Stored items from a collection
★ ★ ★ ★ ★
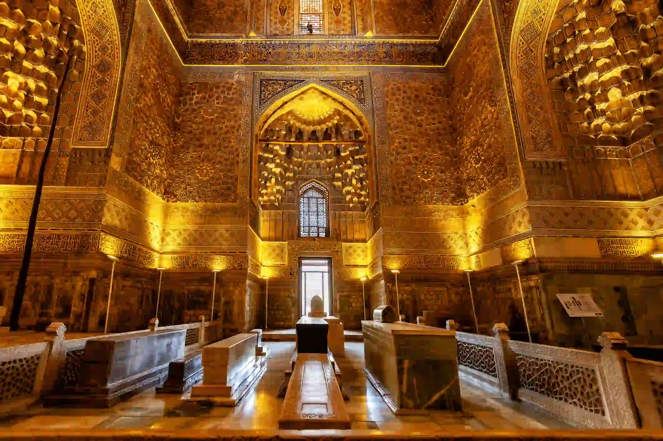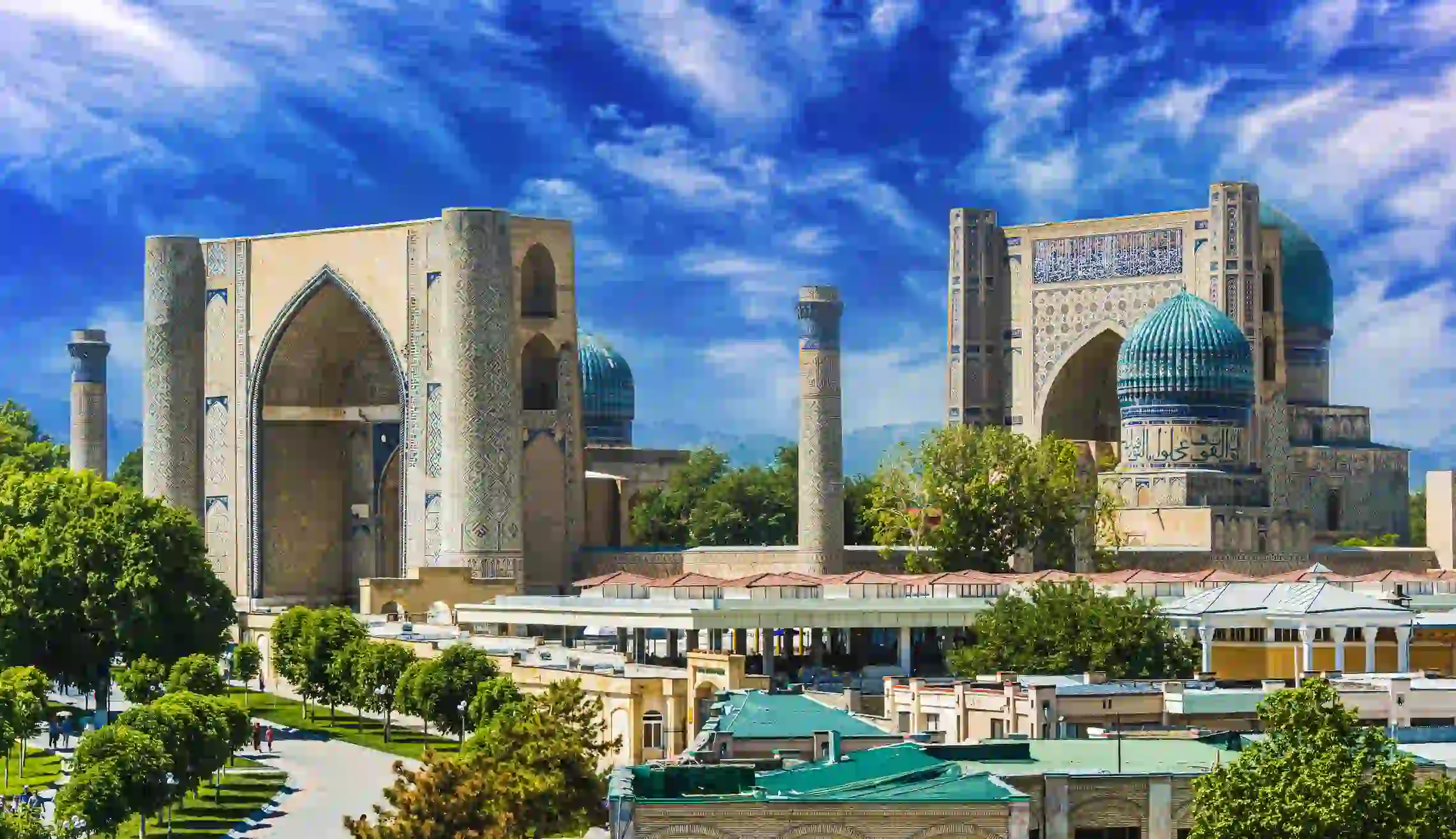 Explore Gur-Emir Mausoleum, resting place of Tamerlane, its turquoise dome a symbol of power and grace. Stand in awe before Registan Square, where three glittering madrasas embrace in symmetry — Ulugbek, Sher-Dor, and Tilla-Kori.Visit the vast Bibi Khanim Mosque and stroll through Siyab Bazaar, fragrant with spice and fresh bread. As evening falls, enjoy a wine tasting in a 100-year-old cellar, where local vintages tell stories as old as the city itself.
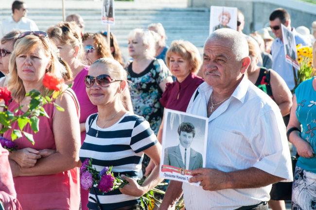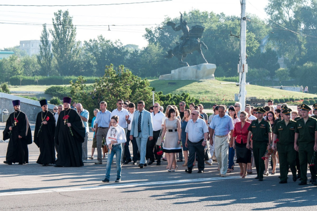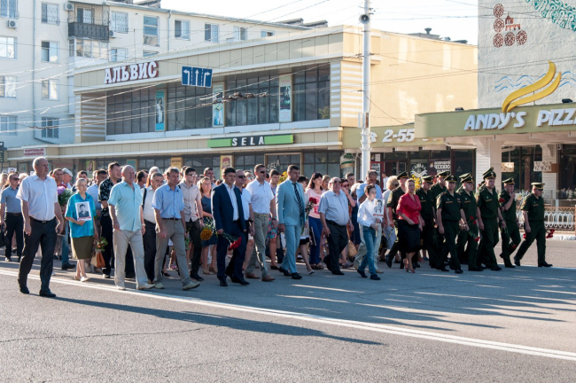 Тирасполь, 1 августа. / Новости Приднестровья/. 1 августа — День памяти и скорби по погибшим и умершим от ран защитникам Приднестровья. В этот день колонна «Бессмертного полка» с фотографиями героев в руках прошлась по главной улице Тирасполя.
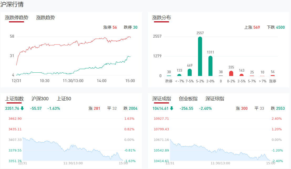 2024年最后一个交易日三大指数集体收跌,截至收盘,沪指跌1.63%,年内累涨12.67%;深成指跌2.4%,年内累涨9.34%;创业板指跌2.93%,年内累涨13.23%;北证50指数跌0.8%,年内累跌4.14%。全市场成交额13586亿元,较上日放量701亿元。全市场超4600只个股下跌。
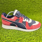 Puma RS-100 Nubuck Mens Size 9.5 Blue Red White Athletic Running Shoes Sneakers
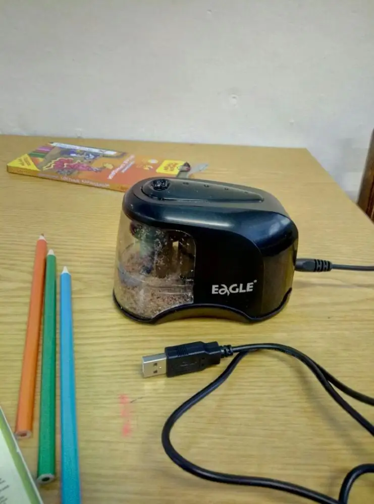 Точилка хорошая карандаши точит замечательно, работает как от батареек так и от usb. Немного не хватает мощности мотора, чуть сильнее нажмёшь на карандаш мотор начинает глохнуть. Качество исполнения на 4.
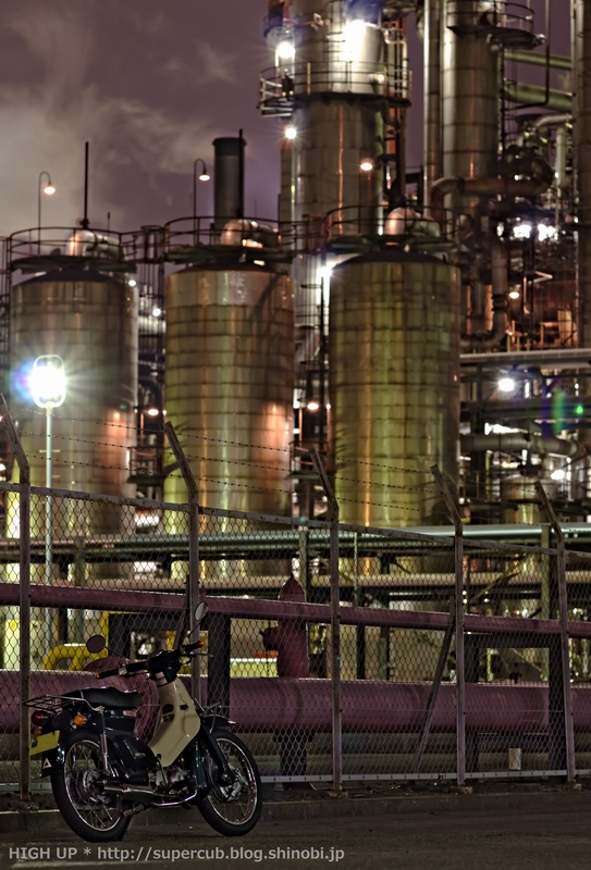 せっかくオイル変えたので、と言う事で夜は川崎の工場地帯までツーリングに行ってきました。ふむ、我がカブながら格好良い(* ´ω` *)
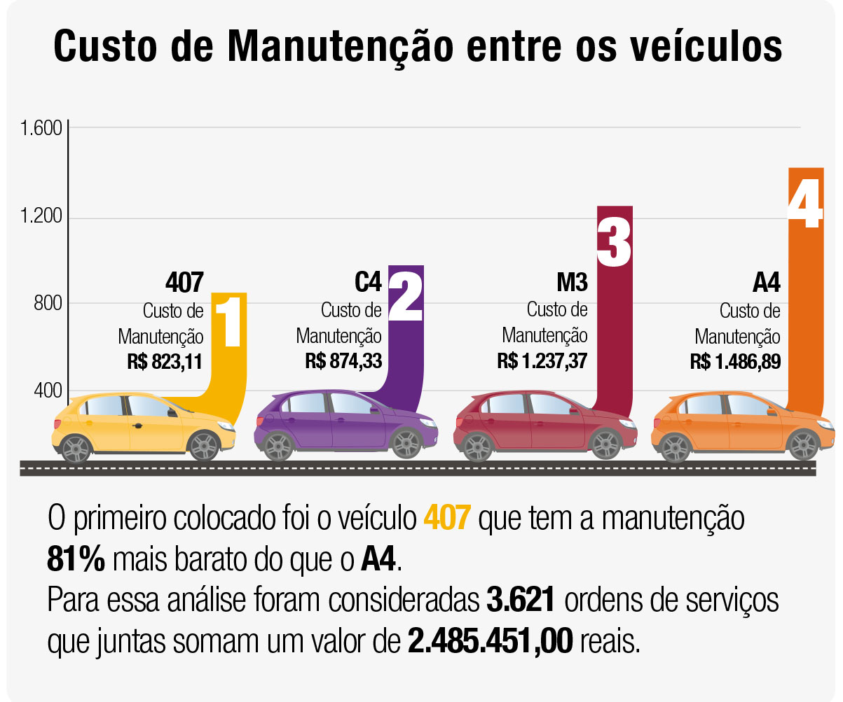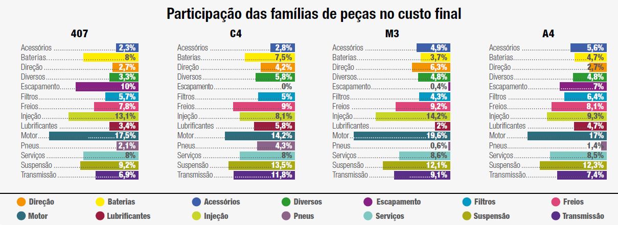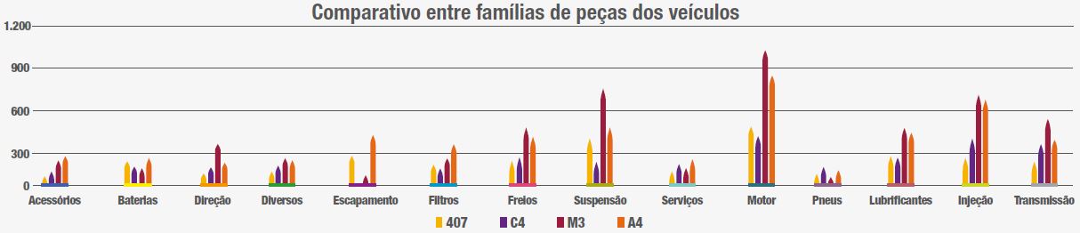 Os carros franceses têm fama de manutenção cara e difícil, mas no comparativo com os sedãs premium alemães Audi A4 e BMW M3 eles levam vantagem. Neste mês, o embate inclui, além destes dois, também o Peugeot 407 e o Citroën C4. O primeiro colocado foi o 407, que tem a manutenção 81% mais em conta que o A4. Para essa análise foram consideradas 3.621 ordens de serviços que juntas somam um valor de 2.485.451,00 reais.
★ ★ ★ ★ ★
--- BRIEF ---
Starting at the line that contains "2024年最后一个交易日三大", transcribe each line through the last one of the entries above, exactly and without pictures.

--- ANSWER FOR THIS EXERCISE ---
 2024年最后一个交易日三大指数集体收跌,截至收盘,沪指跌1.63%,年内累涨12.67%;深成指跌2.4%,年内累涨9.34%;创业板指跌2.93%,年内累涨13.23%;北证50指数跌0.8%,年内累跌4.14%。全市场成交额13586亿元,较上日放量701亿元。全市场超4600只个股下跌。
 Puma RS-100 Nubuck Mens Size 9.5 Blue Red White Athletic Running Shoes Sneakers
 Точилка хорошая карандаши точит замечательно, работает как от батареек так и от usb. Немного не хватает мощности мотора, чуть сильнее нажмёшь на карандаш мотор начинает глохнуть. Качество исполнения на 4.
 せっかくオイル変えたので、と言う事で夜は川崎の工場地帯までツーリングに行ってきました。ふむ、我がカブながら格好良い(* ´ω` *)
 Os carros franceses têm fama de manutenção cara e difícil, mas no comparativo com os sedãs premium alemães Audi A4 e BMW M3 eles levam vantagem. Neste mês, o embate inclui, além destes dois, também o Peugeot 407 e o Citroën C4. O primeiro colocado foi o 407, que tem a manutenção 81% mais em conta que o A4. Para essa análise foram consideradas 3.621 ordens de serviços que juntas somam um valor de 2.485.451,00 reais.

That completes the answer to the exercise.